There are no more endpoints available from the endpoint mapper
During this command a kind of popup has been shown, saying one node is down, one is joining.
"witness share is online"
The witness.log's timestamp is current, so it seems to be accessible.
PS C:\Users\administrator.GERTEST> dir \\win2k8-domaen\QuorumDevice\f275053c-1472-4a30-b560-240e6ae52138
Directory: \\win2k8-domaen\QuorumDevice\f275053c-1472-4a30-b560-240e6ae52138
Mode LastWriteTime Length Name
-a 06.08.2014 17:20 0 VerifyShareWriteAccess.txt
-a 11.08.2014 10:59 88 Witness.log
"changes that were made prior to the reboot"

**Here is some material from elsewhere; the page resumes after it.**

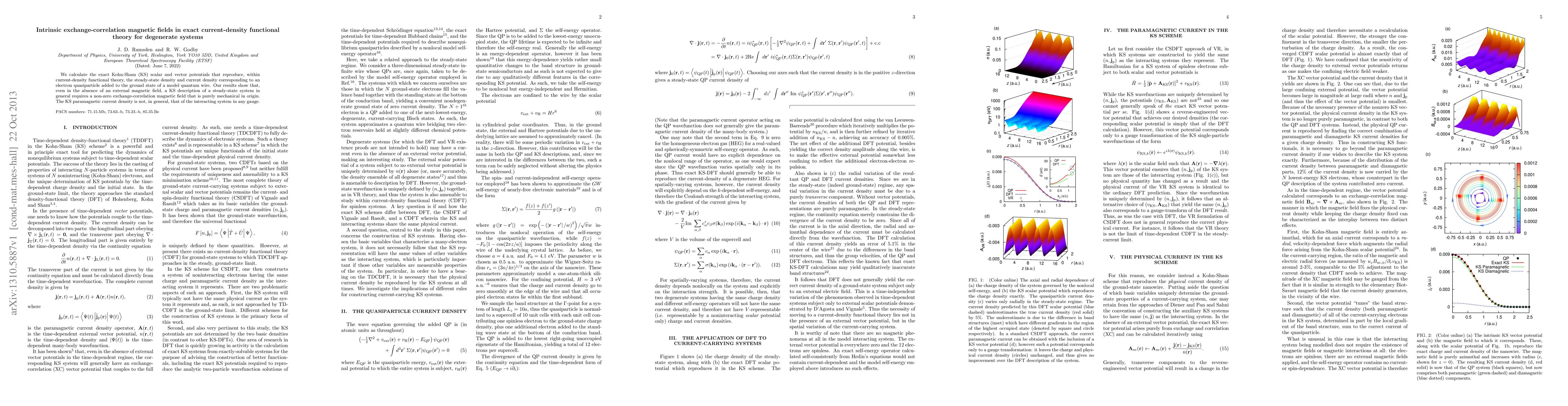 This paper calculates exact Kohn-Sham scalar and vector potentials in current-density functional theory, revealing intrinsic exchange-correlation magnetic fields in degenerate systems. Even without external fields, the Kohn-Sham description necessitates a non-zero mechanical magnetic field, differing from the interacting system's gauge-dependent current density.

No changes have been made.
Monday, August 11, 2014 9:06 AM
As i cannot do it with cluadmin, do you mean just to delete the dll or do you know another way like manipulating the cluster hive?
Update:
Deleting my cluster dll in C:\Windows\Cluster\ leads to this additional lines in clusterlog
00000854.00000670::2014/08/11-11:33:52.885 ERR [RHS] s_RhsRpcCreateResType: (126)' because of 'Error loading resource DLL akaridcluster1.dll.'
000007dc.0000088c::2014/08/11-11:33:52.885 INFO [RCM] result of first load attempt for type AkaridCluster1: 126
000007dc.0000088c::2014/08/11-11:33:52.885 WARN [RCM] The DLL for resource type 'AkaridCluster1' is not present.
but the cluster service still doesn't start, the end of the log is unchanged.

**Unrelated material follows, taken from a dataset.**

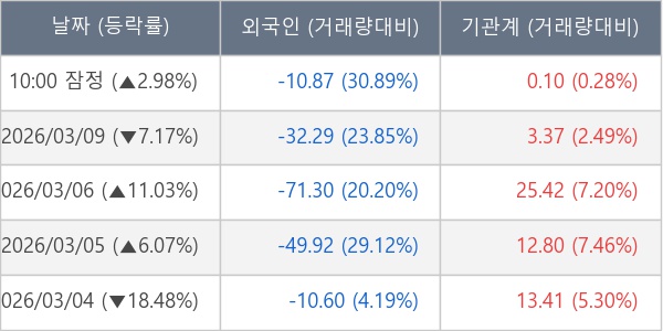 [표] 주요 기관별 순매매량 (단위 만주)

Wednesday, August 20, 2014 1:25 AM
Hi,
Just want to confirm the current situations.
Please feel free to let us know if you need further assistance.
Regards.
Monday, October 6, 2014 10:31 AM
Solution
After some iterations in re-building my cluster environment with more frequent snapshots and reboots the reason for the non start issue is clear and easy to solve.

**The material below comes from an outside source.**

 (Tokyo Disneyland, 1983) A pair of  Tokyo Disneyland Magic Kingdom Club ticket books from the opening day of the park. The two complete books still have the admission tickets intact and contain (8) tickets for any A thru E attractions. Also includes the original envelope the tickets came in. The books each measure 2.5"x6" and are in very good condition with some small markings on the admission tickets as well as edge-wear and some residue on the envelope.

My cluster resource dll needs a non standard privilege. To grant this privilege to the cluster service, I wrote a batch one year ago and had called it add_privs.bat. Using it now I thought it just does what it's name says, it adds privileges. Indeed, it only sets privileges (sc privs clussvc ... has no option to add, just to set). So calling add_privs.bat granted all the privileges that were needed last year on server 2008 R2. Calling it now on Server 2012, the cluster service got my non standard privilege granted, but lost the privileges to load a driver and to shut down the system, that it has already had. A restart of the cluster service alone worked and - equipped with the new privileges - my cluster resource dll also worked. The lack of a privilege only led to problems after a reboot of the system, which occurred many steps after calling add_privs.bat. This and the misleading name of a batch made it rather time consuming to tear down the problem.
Improving my batch by first parsing the output of sc qprivs clussvc and then really adding my privilege solved this will avoid future problems.
Virtual Box 4.3.12 works great on windows 7 enterprise with hosts like Server 2008 (DC, iSCSI target, quorum share) and Server 2012 (cluster, iSCSI initiator, SQLExpress)